Two days later, on Friday, General Motors Corp. announced that it is terminating the leases on two of its five private jets in an effort "to cut costs."

Only three jets to go. If this keeps up, can it be long before they'll be traveling in coach?

GM spokesman Mike Meyerand told FOXNews that, until recently, the company leased seven corporate jets. The automaker "got out of" two of those leases in September, and two more on Friday.

Meyerand said the three remaining corporate jets would remain at the disposal of "only the very top senior leadership."

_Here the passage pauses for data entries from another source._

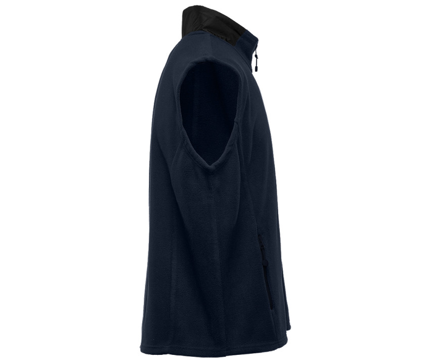Kontrastierender Reißverschluss. Fischgrätband am Hals. Reißverschlusstaschen mit Kunststoffpuller.
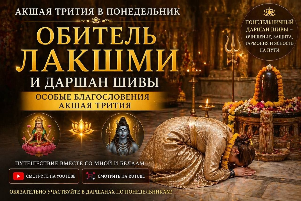 🔱 ✨ Мои дорогие… Я приглашаю вас отправиться вместе со мной и Белаам в сакральное путешествие — в обитель Лакшми 🌸 и прикоснуться к Даршанам Божеств… И, конечно же, получить благословения Шивы 🔱 📆В этом году Акшая Тритья пришлась на понедельник — а это значит, что энергии усилились многократно… И мы отправились туда не просто так… а чтобы получить: ✨ понедельничный Даршан Шивы🔱 ✨ и дополнительные благословения этого невероятного дня. Это не просто поездка… это соприкосновение с пространством, где желания становятся реальностью🙏, а молитвы — услышанными 💫 🎥 Приглашаю вас прожить это вместе со мной: 😉 YouTube: https://youtu.be/gf_OkgGnkg0?si=c49hWH3S4ea4STQj 🥰 RuTube: https://rutube.ru/video/87e48143b10a5bac356938e349aa85c3/ 🔱 И мои дорогие, обязательно участвуйте в понедельничных Даршанах Шивы. 🌕 Понедельник — это день Луны 🌙 день ума, эмоций и внутреннего состояния. И именно через Шиву происходит глубокая трансформация: ✅ очищение от кармических накоплений ✅ снят
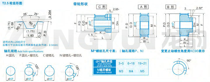 | 規格 | 形狀 | 節徑P.D | 外徑O.D | 擋邊外徑F | 擋邊內徑M | 輪轂直徑Dm | 內孔dH7 | ||||
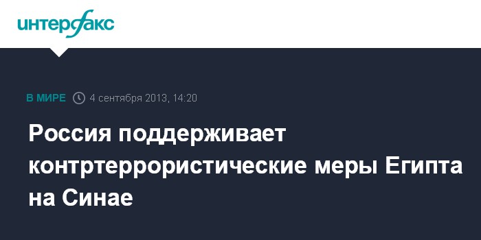 Москва. 4 сентября. INTERFAX.RU - Россия поддерживает антитеррористическую операцию египетских военных на Синайском полуострове.
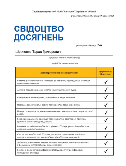 Після закінчення кожного навчального року учень отримує документ державного зразка (свідоцтво досягнень, табель, свідоцтво про базову загальну середню освіту після 9 класу та , свідоцтво про повну середню освіту після 11 класу).
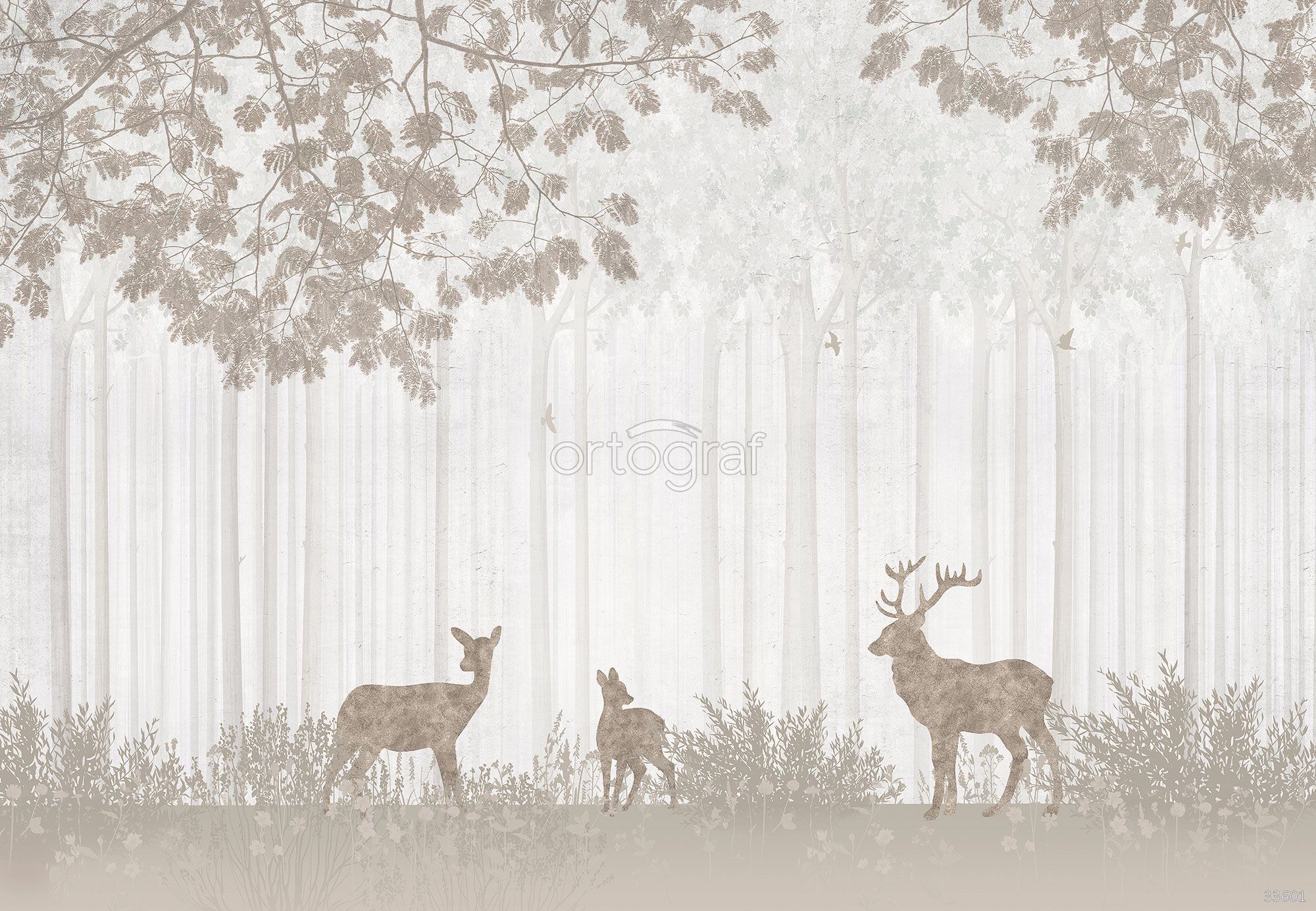 Нежная и спокойная композиция с силуэтами оленей на фоне светлого леса и невесомых ветвей создает атмосферу природы и уюта. Такой сюжет добавляет помещению ощущение гармонии, тишины и воздушного простора, отлично подходит для расслабляющих зон и оформления стен с природными мотивами. Идеально впишется в современный интерьер с акцентом на экологичность и спокойствие.
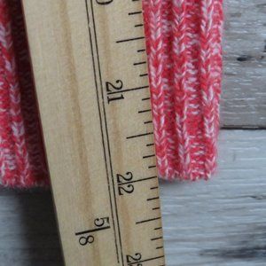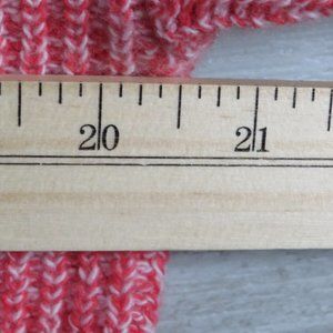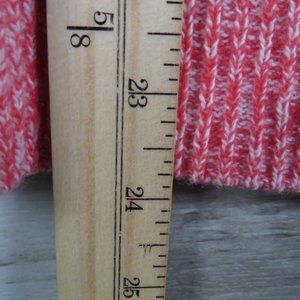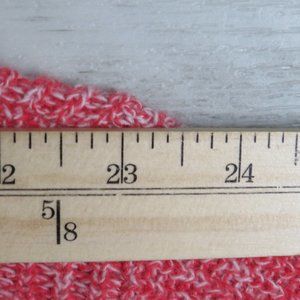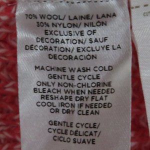 Pre-Owned, Excellent Condition! 70% Wool/30% Nylon. Beautiful Coral & White Blended Color on Ribbed Crochet/Knitted Sweater, Black Bow-Tie Keyhole Design.

Asked if it was not the use of such aircraft by the "very top senior leadership" that occasioned this week's outcry, Meyerand said that was for the media to conclude.

GM's CEO Rick Wagoner, whose round-trip flight to Washington reportedly cost $20,000 — about 70 times what a commercial airline ticket would cost — told Congress he expected GM would get between $10 billion and $12 billion from the requested bailout.

Joined by Robert Nardelli of Chrysler and Alan Mulally of Ford, Wagoner told the Senate that a collapse in Detroit could cost 3 million jobs in one year and damage the economy in communities across the country.

Ford and Chrysler did not comment on their future corporate jet policies, but Chrysler confirmed that it does lease private jets, Reuters reported on Friday.

"This is a slap in the face of taxpayers," Tom Schatz, president of Citizens Against Government Waste, told ABC News. "To come to Washington on a corporate jet, and asking for a handout is outrageous."